Please don't hold up traffic unless absolutely necessary: keep well in to the side to let vehicles pass, and thank them for slowing down or waiting. On roads, listen out for a shout of "Car, please" which means traffic is approaching and you should get in to the side. If you pass pedestrians, a smile and "Good morning" or other greeting will usually be appreciated.

Ground conditions

If conditions are wet, please be careful over grass fields: keep right into the edge where possible and don't canter if the ground is cutting up. Be aware of young grass/new seeds and keep off it at all times: if in doubt, ask a more experienced member of the field. Listen out for instructions from the Field Master.

Going home

It is traditional to say "Goodnight", at whatever time you leave, or at the end of the day.

                                                       Hunting terms

The Meet - This is the place where the hounds, the hunt masters and followers/supporters will gather and this normally centres around a point in a village such as a pub, the village green, a house or a local landmark. The Meet is a social occasion that gives everyone a chance to talk and discuss conditions for the day.

The Master(s) - is in control of the hunt and his or her word is final.The Master will decide where and when the hounds will meet, what coverts are able to be drawn and when hounds will go home. This role is often divided between several Joint Masters.

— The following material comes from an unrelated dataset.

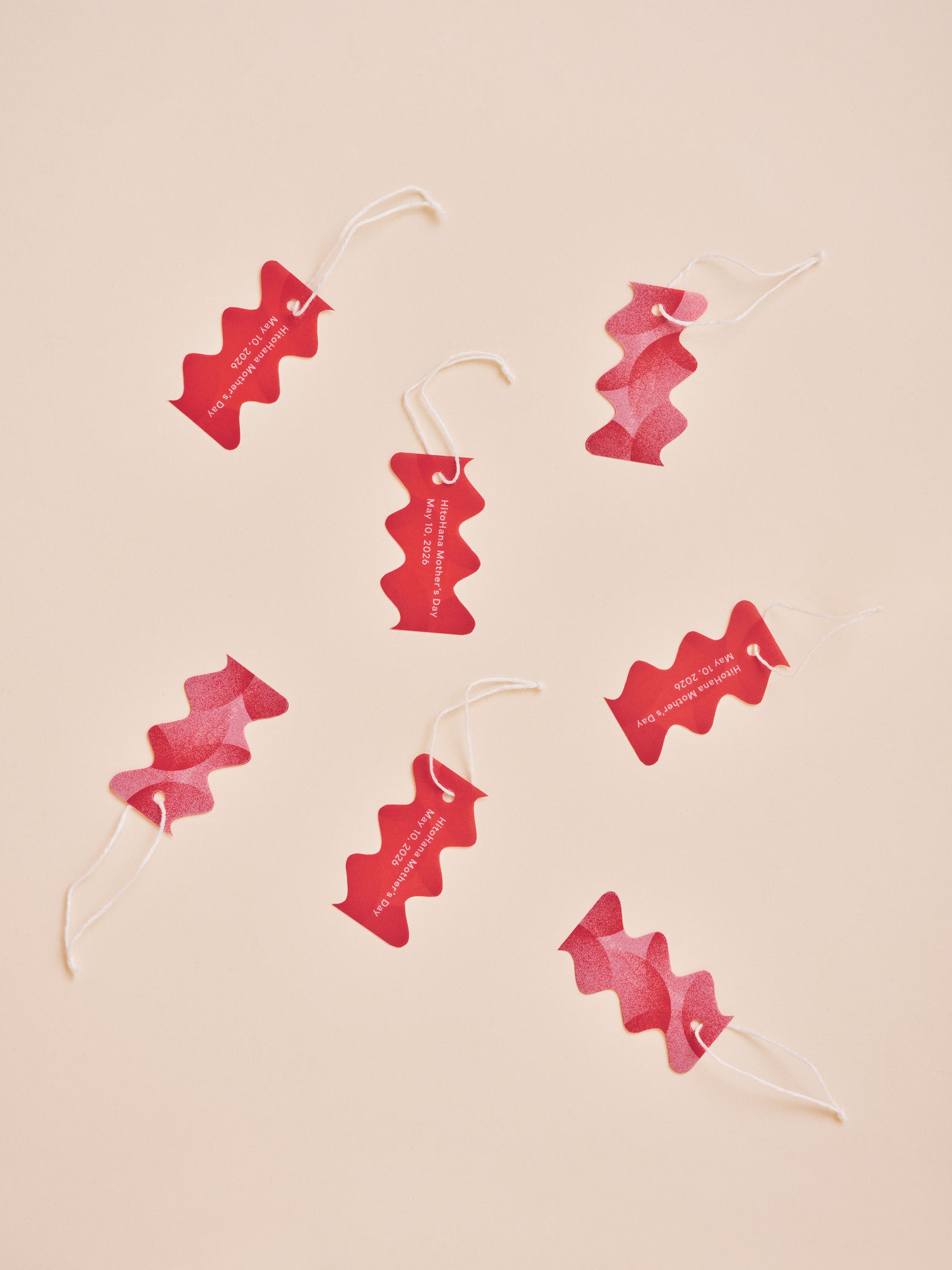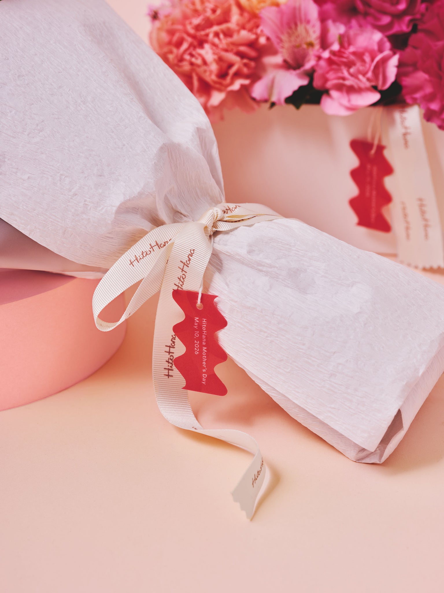 「カーネーション」の美しい花びらと、優しさ・柔らかい愛情をイメージしたウエーブがモチーフの母の日タグを、HitoHanaのロゴ入りリボンで結びつけています。母の日だけの特別なプレゼント仕様でお届けします。

The Field - is the name given to all the followers on horses who are controlled by the field master. The field master will ride at the end of the field and all followers should keep behind him/her. He/she is responsible for making sure that the field does not get too close to the hounds and that they cross country in a responsible manner.

The Huntsman - Uses a horn by which to control the hounds and send messages to the hunt staff and the field. He will make sure that hounds work together as a pack by encouraging them with a series of signals.

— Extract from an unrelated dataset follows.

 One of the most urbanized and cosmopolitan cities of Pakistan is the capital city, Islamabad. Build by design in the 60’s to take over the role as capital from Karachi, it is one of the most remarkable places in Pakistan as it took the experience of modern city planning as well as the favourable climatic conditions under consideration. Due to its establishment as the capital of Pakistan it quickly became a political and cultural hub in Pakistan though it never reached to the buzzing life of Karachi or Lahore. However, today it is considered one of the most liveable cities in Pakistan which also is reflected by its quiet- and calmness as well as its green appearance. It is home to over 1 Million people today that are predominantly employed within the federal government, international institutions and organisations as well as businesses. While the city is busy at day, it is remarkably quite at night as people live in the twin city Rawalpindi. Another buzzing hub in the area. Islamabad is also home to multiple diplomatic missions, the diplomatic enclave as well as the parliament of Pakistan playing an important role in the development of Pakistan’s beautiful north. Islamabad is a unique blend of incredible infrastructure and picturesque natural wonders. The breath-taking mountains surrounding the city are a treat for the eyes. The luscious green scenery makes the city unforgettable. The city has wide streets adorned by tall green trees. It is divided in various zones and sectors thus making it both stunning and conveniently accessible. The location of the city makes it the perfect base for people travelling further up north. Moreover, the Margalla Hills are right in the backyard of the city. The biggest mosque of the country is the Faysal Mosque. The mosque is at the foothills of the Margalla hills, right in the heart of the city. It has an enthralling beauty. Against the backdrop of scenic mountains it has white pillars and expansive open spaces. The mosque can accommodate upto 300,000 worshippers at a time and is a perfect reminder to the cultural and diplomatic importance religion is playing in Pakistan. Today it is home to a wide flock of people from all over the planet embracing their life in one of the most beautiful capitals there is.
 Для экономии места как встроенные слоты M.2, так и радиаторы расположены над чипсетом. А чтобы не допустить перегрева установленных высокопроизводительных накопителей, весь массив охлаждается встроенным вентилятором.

The Whipper-In - there is often more than one whipper-in and their most important duty is to assist the huntsman in controlling hounds. They often collect hounds up at the end of the day and make sure that they are kept together as a pack whilst hunting the trail. Only the huntsman will give orders to the Whipper-in

.The Secretary - is normally in charge of the hunt paperwork in terms of subscriptions and organizing and promoting events. Usually your "Cap" (amount charged for the day) will be taken by the hunt secretary at the meet but they may nominate somebody else! They also sort out any problems with Landowners and any broken jumps or gates should be reported to the Secretary or nominee.

 The Cap - The daily charge for everybody.

 The Cast - When hounds search for a lost line.

 The Check - When hounds loose the sent.

The Country - The area within which a hunt operates with the permission of Landowners/Farmers.

The Covert - Pronounced "cover"- a wood or other area of vegetation where a scent may be found.

The Draw - To send hounds through a covert to find the scent.

The Foil - Any smell or disturbed ground which spoils the scent line of the trail.

The Line - The scent left by the trail layer.

Speak - Hounds do not bark, they speak or give tongue when they are hunting a scent.